* _Required action_
Copy the material below verbatim from the line with "- kleště, pilka, pilníky, kladivo, palička, sekáče, vyražeče" to the line with "现在我们把模拟的文章请求数据", both lines included, omitting pictures and every line outside that range.

* _Stored data_

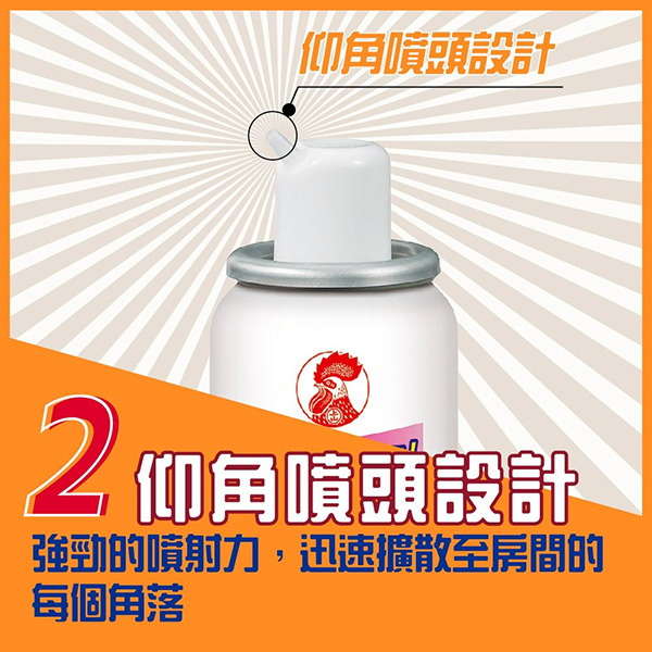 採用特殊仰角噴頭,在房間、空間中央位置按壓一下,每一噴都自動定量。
--
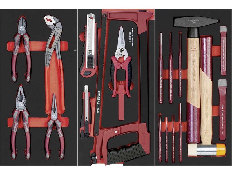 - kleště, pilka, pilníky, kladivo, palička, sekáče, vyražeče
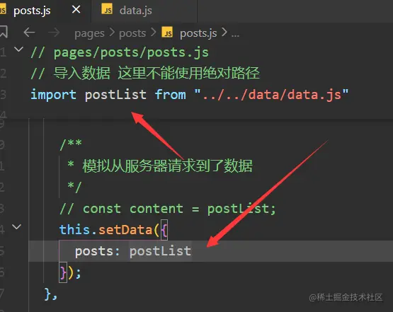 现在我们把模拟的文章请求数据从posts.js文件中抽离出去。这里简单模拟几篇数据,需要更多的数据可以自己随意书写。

* _Your solution_
 - kleště, pilka, pilníky, kladivo, palička, sekáče, vyražeče
 现在我们把模拟的文章请求数据从posts.js文件中抽离出去。这里简单模拟几篇数据,需要更多的数据可以自己随意书写。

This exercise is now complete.